(VOYAGER) Study of Avapritinib vs Regorafenib in Patients With Locally Advanced Unresectable or Metastatic GIST

• ClinicalTrials.gov Identifier: NCT03465722
• Recruitment Status: Completed
• First Posted: March 14, 2018
• Results First Posted: May 14, 2021
• Last Update Posted: October 6, 2022
• Sponsor: Blueprint Medicines Corporation
• Information provided by (Responsible Party): Blueprint Medicines Corporation

Tracking Information

• First Submitted Date: March 7, 2018
• First Posted Date: March 14, 2018
• Results First Submitted Date: March 5, 2021
• Results First Posted Date: May 14, 2021
• Last Update Posted Date: October 6, 2022
• Actual Study Start Date: March 26, 2018
• Actual Primary Completion Date: March 9, 2020 (Final data collection date for primary outcome measure)

Current Primary Outcome Measures (submitted: April 23, 2021)

Efficacy of Avapritinib Based on Progression-free Survival (PFS) Determined by Central Radiological Assessment Per Modified Response Evaluation Criteria in Solid Tumors (mRECIST), Version 1.1 [ Time Frame: 24 Months ]

To demonstrate the efficacy of avapritinib based on progression-free survival (PFS) determined by central radiological assessment per modified Response Evaluation Criteria in Solid Tumors (mRECIST), version 1.1 in patients with advanced GIST following 2 or 3 regimens of prior treatment with a tyrosine kinase inhibitor (TKI), including imatinib, compared to patients treated with regorafenib.
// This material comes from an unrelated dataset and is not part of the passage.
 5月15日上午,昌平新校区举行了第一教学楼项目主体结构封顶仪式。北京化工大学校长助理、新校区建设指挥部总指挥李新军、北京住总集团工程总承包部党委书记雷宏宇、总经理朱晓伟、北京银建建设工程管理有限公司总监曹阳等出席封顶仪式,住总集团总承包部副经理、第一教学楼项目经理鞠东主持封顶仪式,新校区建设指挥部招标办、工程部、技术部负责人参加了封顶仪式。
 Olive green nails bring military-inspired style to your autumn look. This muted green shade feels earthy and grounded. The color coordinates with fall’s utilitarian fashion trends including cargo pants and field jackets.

A progressively growing tumor must meet the following criteria: a) the target lesions must be greater or equal to 2cm in size and be a new GIST active lesion or b) the target lesions must be expanding on at least 2 sequential imaging studies.
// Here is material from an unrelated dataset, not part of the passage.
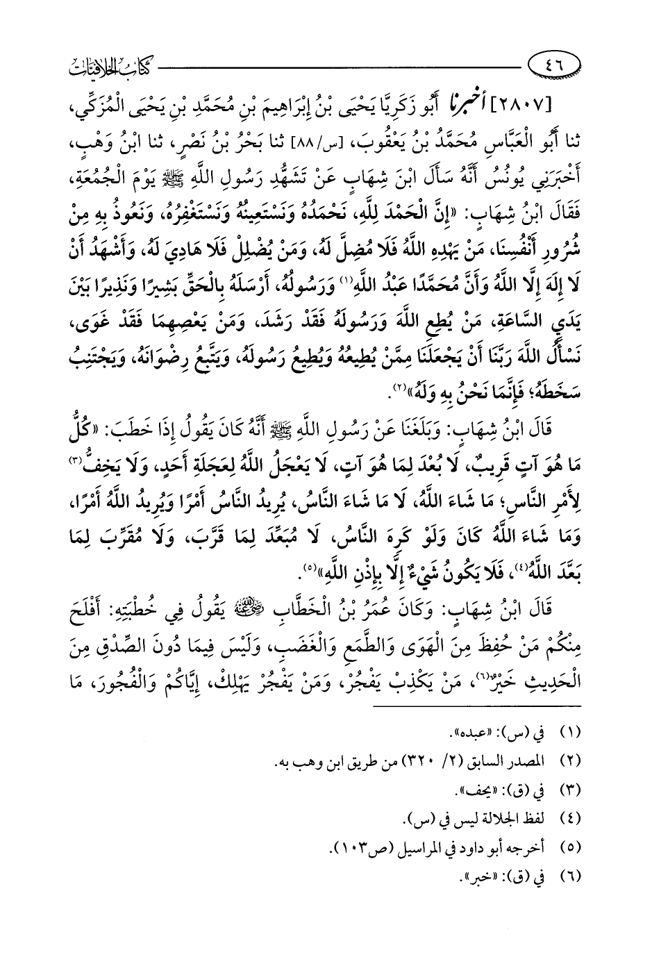 [2807] أخبرنا أَبُو زَكَرِيَّا يَحْيَى بْنُ إِبْرَاهِيمَ بْنِ مُحَمَّدِ بْنِ يَحْيَى الْمُزَكِّي، ثنا أَبُو الْعَبَّاسِ مُحَمَّدُ بْنُ يَعْقُوبَ، ثنا بَحْرُ بْنُ نَصْرٍ، ثنا ابْنُ وَهْبٍ، أَخْبَرَنِي يُونُسُ أَنَّهُ سَأَلَ ابْنَ شِهَابٍ عَنْ تَشَهُّدِ رَسُولِ اللَّهِ - صلى الله عليه وسلم - يَوْمَ الْجُمُعَةِ، فَقَالَ ابْنُ شِهَابٍ: "إِنَّ الْحَمْدَ لِلَّهِ, نَحْمَدُهُ وَنَسْتَعِينُهُ وَنَسْتَغْفِرُهُ، وَنَعُوذُ بِهِ مِنْ شُرُورِ أَنْفُسِنَا، مَنْ يَهْدِهِ اللَّهُ فَلَا مُضِلَّ لَهُ، وَمَنْ يُضْلِلْ فَلَا هَادِيَ لَهُ، وَأَشْهَدُ أَنْ لَا إِلَهَ إِلَّا اللَّهُ وَأَنَّ مُحَمَّدًا عَبْدُ اللَّهِ (¬1) وَرَسُولُهُ، أَرْسَلَهُ بِالْحَقِّ بَشِيرًا وَنَذِيرًا بَيْنَ يَدَي السَّاعَةِ، مَنْ يُطِعِ اللَّهَ وَرَسُولَهُ فَقَدْ رَشَدَ، وَمَنْ يَعْصِهِمَا فَقَدْ غَوَى، نَسْأَلُ اللَّهَ رَبَّنَا أَنْ يَجْعَلَنَا مِمَّنْ يُطِيعُهُ وَيُطِيعُ رَسُولَهُ، وَيَتَّبِعُ رِضْوَانَهُ، وَيَجْتَنِبُ سَخَطَهُ؛ فَإِنَّمَا نَحْنُ بِهِ وَلَهُ" (¬2).

Original Primary Outcome Measures (submitted: March 13, 2018)

Efficacy of avapritinib based on progression-free survival (PFS) determined by central radiological assessment per modified Response Evaluation Criteria in Solid Tumors (mRECIST), version 1.1 [ Time Frame: 24 Months ]

To demonstrate the efficacy of avapritinib based on progression-free survival (PFS) determined by central radiological assessment per modified Response Evaluation Criteria in Solid Tumors (mRECIST), version 1.1 in patients with advanced GIST following 2 or 3 regimens of prior treatment with a tyrosine kinase inhibitor (TKI), including imatinib, compared to patients treated with regorafenib

Current Secondary Outcome Measures (submitted: April 23, 2021)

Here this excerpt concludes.